Higher-quality asset class with good fundamentals
While we acknowledge much of the convertible bond market remains unrated, our research indicates the average credit rating of the market is BB. Additionally, we saw increasing investment-grade-rated issuance in 2024, which we believe could provide the market with stronger insulation in a downside scenario. From a fundamental perspective, corporate earnings remain relatively strong, and we believe corporate fundamentals are relatively safeguarded from the potential impact of a shift to tighter monetary policy. The environment remains ripe for buybacks and is increasingly favorable for M&A activity, which can be an opportunity for convertibles given the equity upside participation.
Exposure to growth-oriented sectors
Convertible bonds offer exposure to “secular winners” and industry leaders, which continue to benefit from innovation and growth. For example, the global convertible bond market is weighted toward more growth-oriented sectors, such as technology, financials, health care, and internet and data — sectors not well represented in the traditional corporate universe. The asset class provides the opportunity to gain upside exposure to major themes like cybersecurity, AI, and health care innovation.

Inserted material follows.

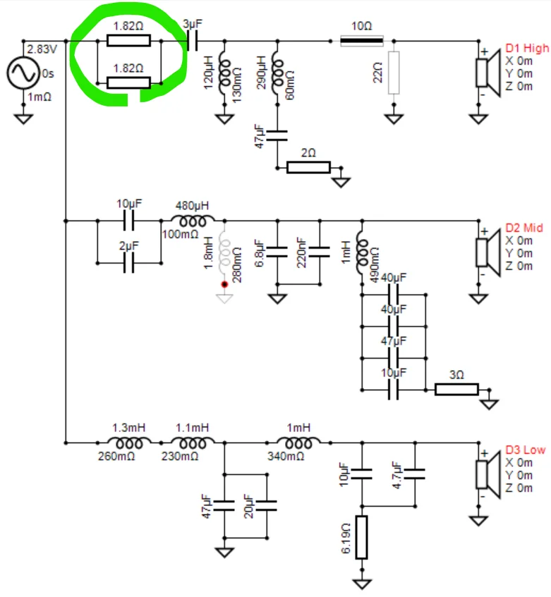 これにより最高域の最低インピーダンスは3Ωになりますのでまずは安全です。ただ、トレードオフとしてトゥイーター領域の音圧が2dB低下してしまうんですよね。現在の高域が繊細で微粒子感があるので、すこし残念です。

We continue to make the case for convertible bonds
Overall, we believe 2025 is shaping up to be another strong year for convertible bonds. We continue to see a compelling case for the asset class on a stand-alone basis or as a diversifying component of a broader fixed-income allocation. Recently, we’ve seen heightened volatility as disruption in AI has resulted in increased dispersion, providing greater opportunities to add value through credit selection. Going forward, we believe a reasonable yield combined with equity participation, potentially aided by prudent security selection, could generate an attractive total return for a convertible bond allocation in 2025.